Written by Kim M. Gruver Edited by David Bushart

What’s cognition got to do with ataxia? Could the cerebellum mediate both cognitive and motor symptoms in the same disease? And how can scientists use mice to find out?

Spinocerebellar ataxia type 1, or SCA1, is a progressive neurodegenerative disease that has no cure. In SCA1, an expanded CAG repeat sequence in the ATXN1 gene increases the chain length of the amino acid glutamine (Q), so SCA1 is called a “polyQ” disease. As suggested by its name, the cerebellum is a heavily affected brain region in SCA1. Since the cerebellum is involved in motor coordination, it is no surprise that dysregulated control of movement, or ataxia, is a major symptom of SCA1.

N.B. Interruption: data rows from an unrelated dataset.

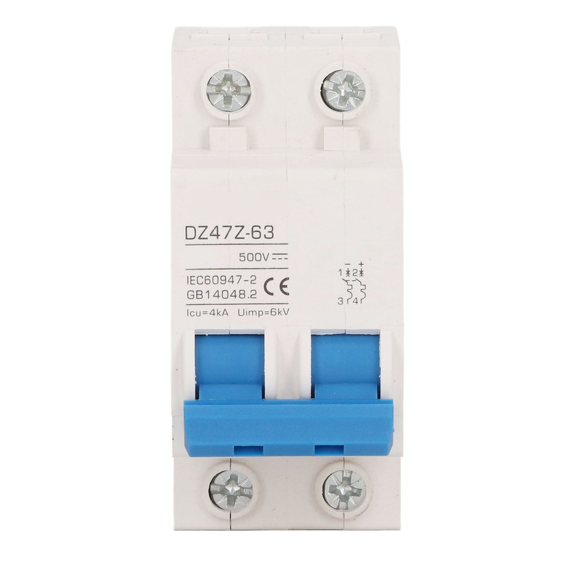 1、Function Description: Our 2P circuit breaker is applied to defend power distribution facilities from overload and short circuit damage, and also for control and isolation. DC500V rated voltage, and the Icu is 4kA and the Uimp is 6kV. 2、Fast Tripping: This circuit breaker's electromagnetic tripping system can be tripped immediately when the circuit is short circuited to ensure circuit safety. 3、System Arc Extinguishing: Usually DC arc extinguishing is more difficult than AC. However, our DC circuit breaker has a magnetic system to assist in arc extinguishing. 4、DIN Rail Installation: This miniature circuit breaker has a modular structure, screw clamp wire, and can be installed on 35mm(1.4in) DIN rail. 5、Wide Use Scenario: The 2P miniature circuit breaker is used for DC power systems, marine power systems, solar photovoltaic systems or other DC systems.
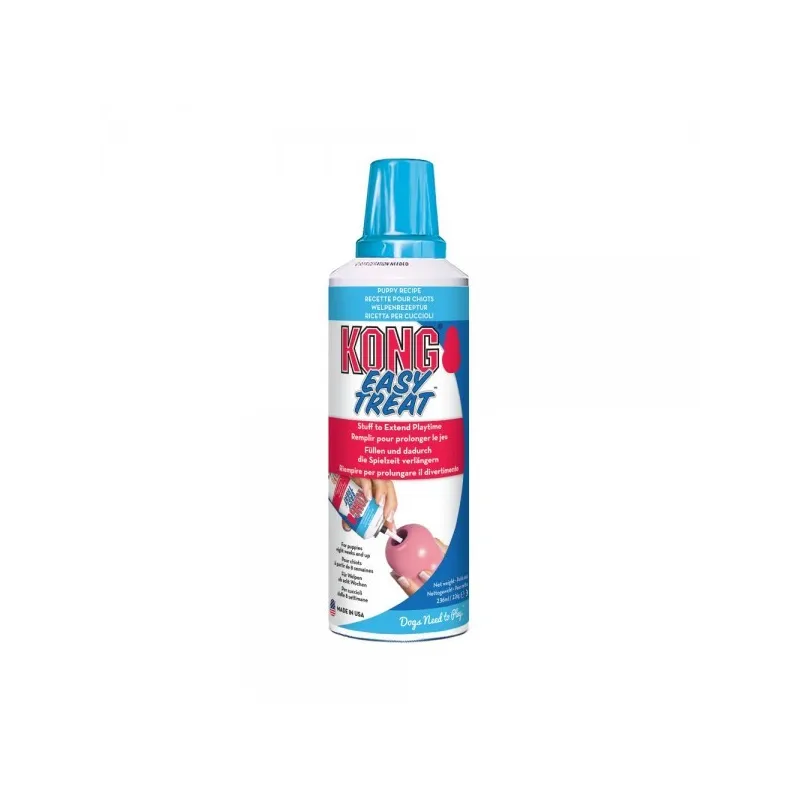 KONG Easy Treat Puppy es una pasta comestible para perros especialmente formulada para cachorros, diseñada para rellenar juguetes KONG de forma fácil y limpia gracias a su práctico envase con boquilla dosificadora.
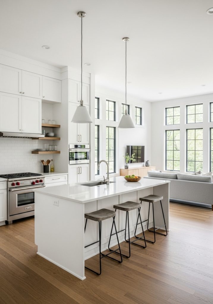 White is known for making spaces feel bigger, which is why it’s perfect for open-concept homes. By keeping the sightlines clear, your kitchen merges seamlessly with your living area.
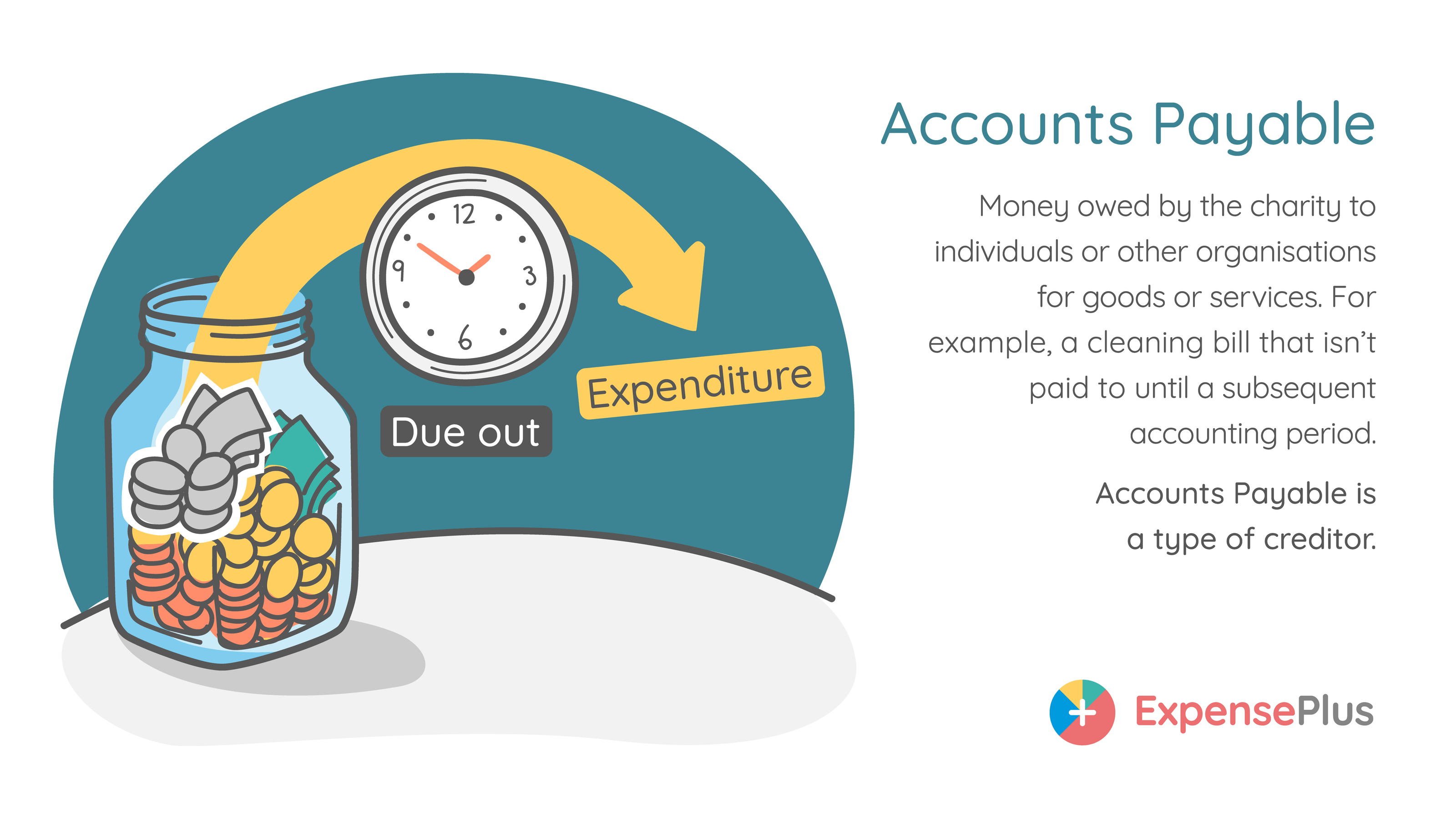 Money owed by the charity to individuals or other organisations for goods or services. For example, a cleaning bill that isn't paid until a subsequent accounting period. Accounts Payable is a type of creditor.
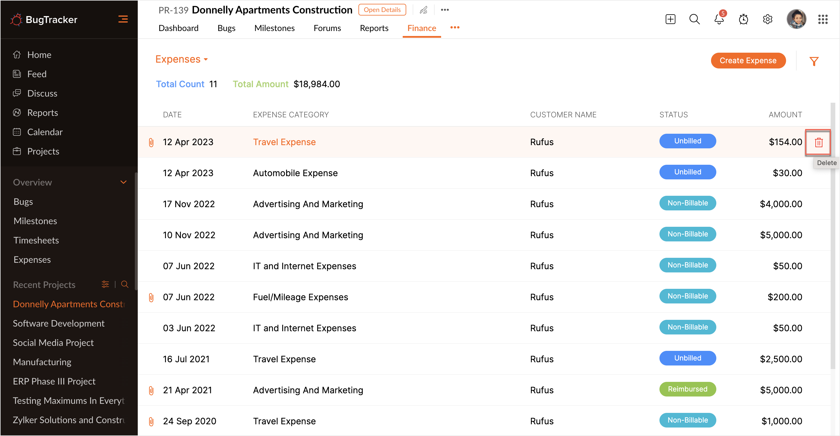 All the expenses recorded are saved in the Finance tab. Click on the required expense to edit or delete. Click to edit the expense details and then click Save to update the changes or hover over the required expense and click
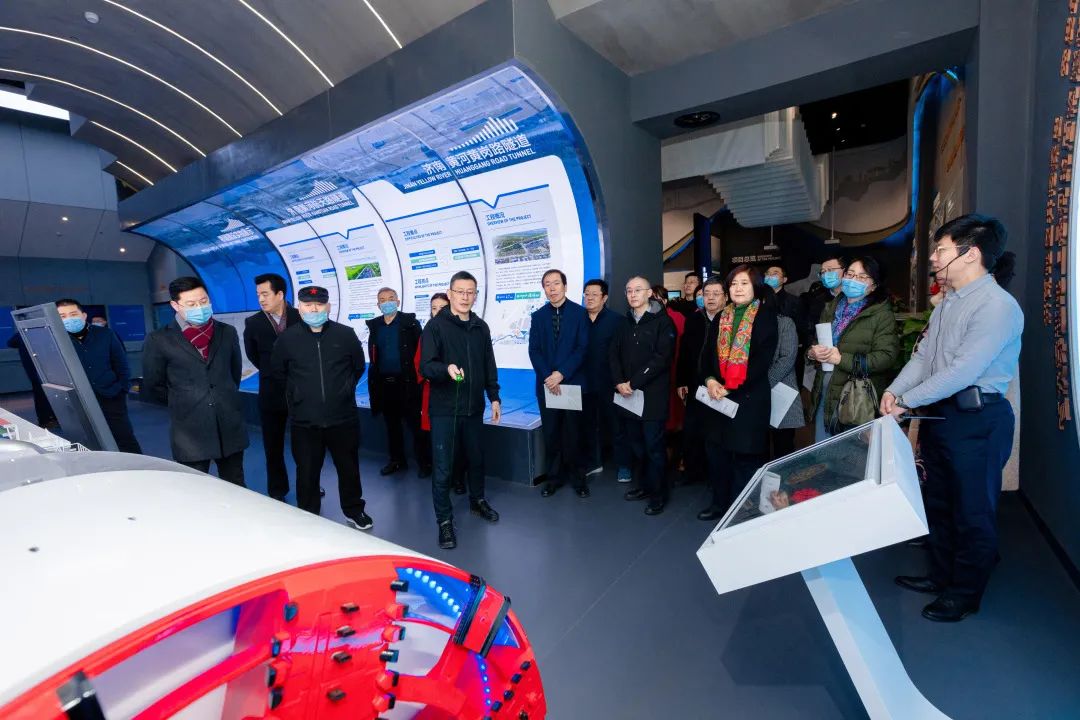 调研组一行实地察看了济南黄河济泺路隧道项目现场及“304am永利集团集团四桥四隧跨黄通道项目展厅”,详细了解了北跨桥隧项目的建设及运营情况,共同回顾了济南黄河发展的历史背景、发展脉络以及新时代宏伟篇章。

However, what may come as a surprise is that some SCA1 patients also experience changes in cognition in addition to ataxia. Since the mutated ATXN1 gene is found throughout the brain, it has been difficult to tease apart whether the cerebellum contributes to the cognitive symptoms of SCA1 in addition to the motor symptoms. It is possible that cognitive symptoms of SCA1 might be exclusively caused by brain regions other than the cerebellum. For example, ATXN1 is also highly expressed in the prefrontal cortex, a region known for mediating many cognitive processes. But before we discount the possibility that the cerebellum plays a role in the cognitive symptoms experienced by some SCA1 patients, it is important to note an interesting observation in neuroscience research that has emerged in recent decades. Scientists have described a surprising role of the cerebellum in a host of neurological disorders like autism and schizophrenia. In light of these findings, that the cerebellum could be implicated in both the motor and cognitive symptoms of SCA1 may not be so far-fetched.

Two lab mice from the National Institutes of Health, image courtesy of WikiMedia.

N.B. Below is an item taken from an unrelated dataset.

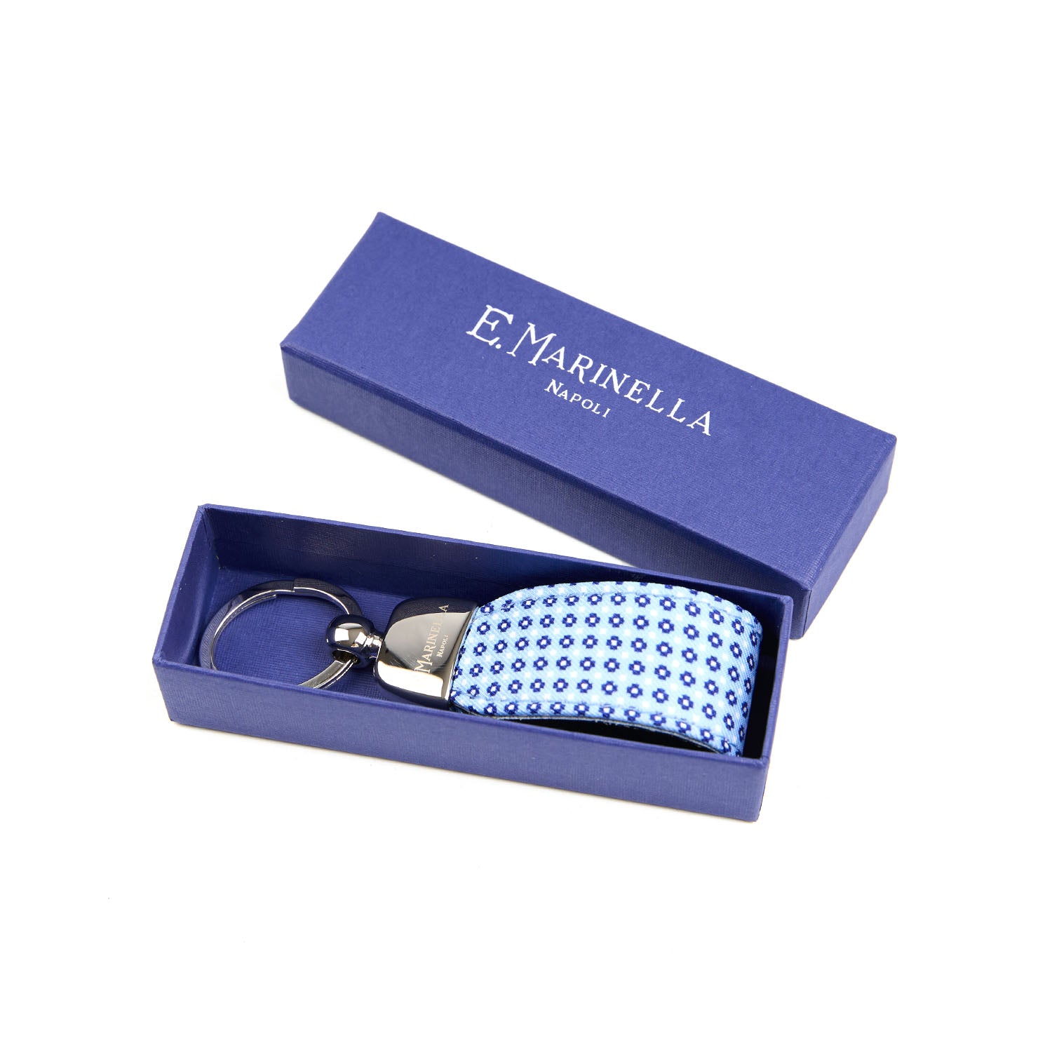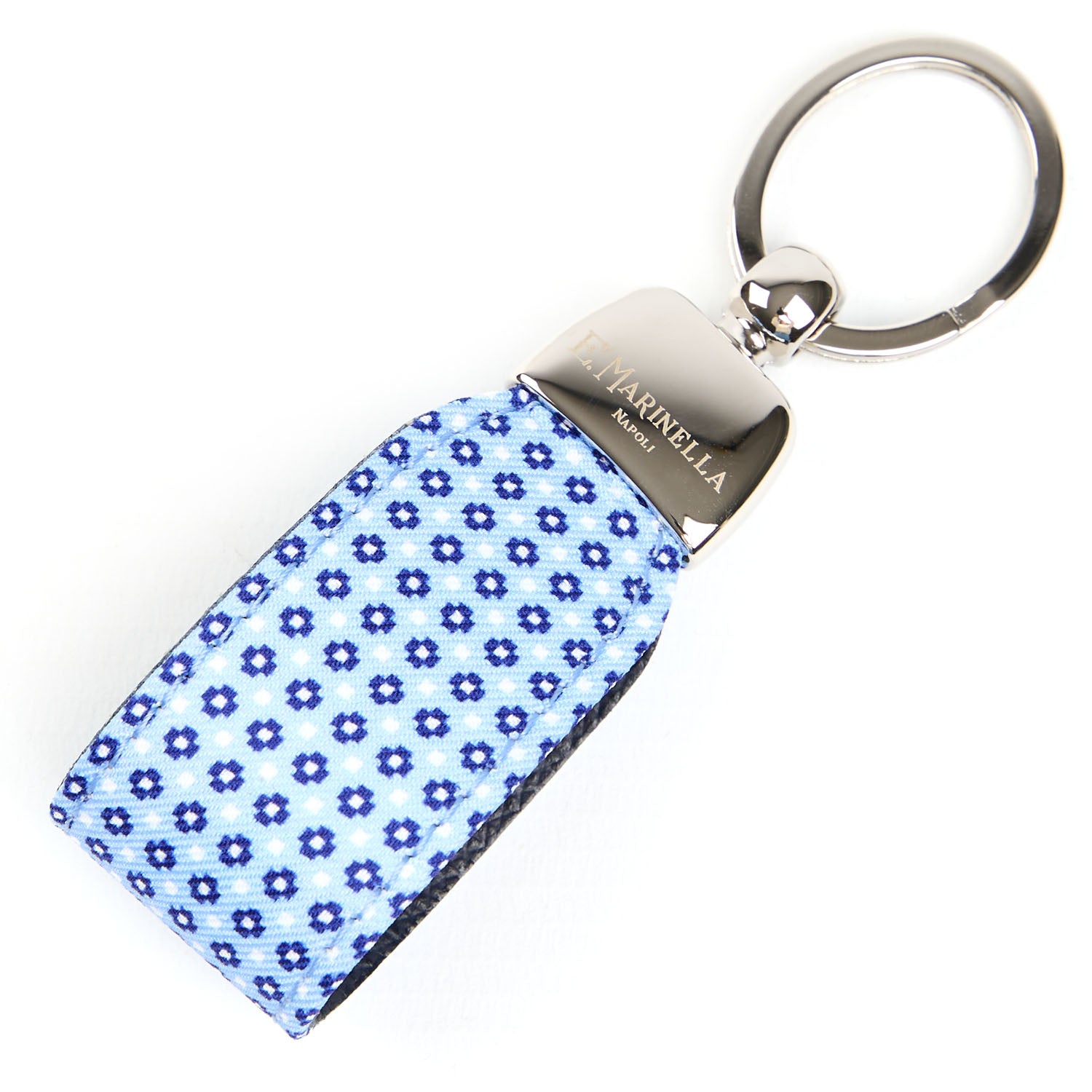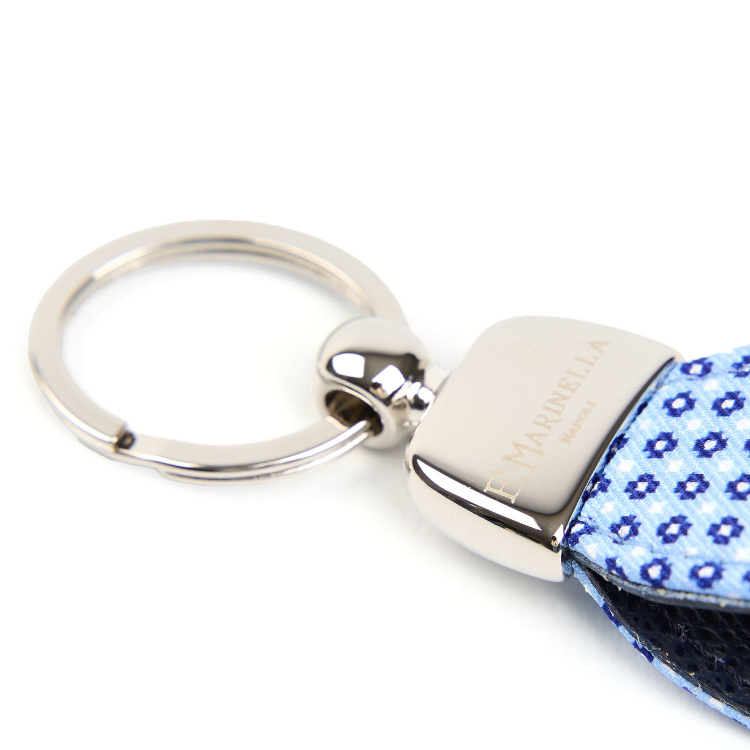 Portachiavi con anello e piccolo loop in pelle impreziosito dalla classica seta microfantasia E. Marinella.

A powerful tool on the researcher’s lab bench to study diseases like SCA1 is the laboratory mouse. Since 1902, mice have played an indispensable role in disease research. Scientists can breed mice that express human genes, such as a mutated form of ATXN1, to figure out what goes awry in diseases like SCA1. Animal models of disease help researchers to identify potential treatment strategies that may be useful to humans. Since such in-depth analysis and careful experimental manipulation is impossible in human patients, animal models are an invaluable tool to study diseases like SCA1.

In the SCA1 field, scientists use multiple animal models to study SCA1. Researchers have harnessed the differences between these mouse models to address different questions, such as:

  • “How does the number of CAG repeats affect SCA1 symptoms in mice?”
  • “What happens if the ATXN1 gene is removed altogether?”
  • “Do SCA1 symptoms still occur if the mutant ATXN1 gene is restricted to cerebellar Purkinje cells?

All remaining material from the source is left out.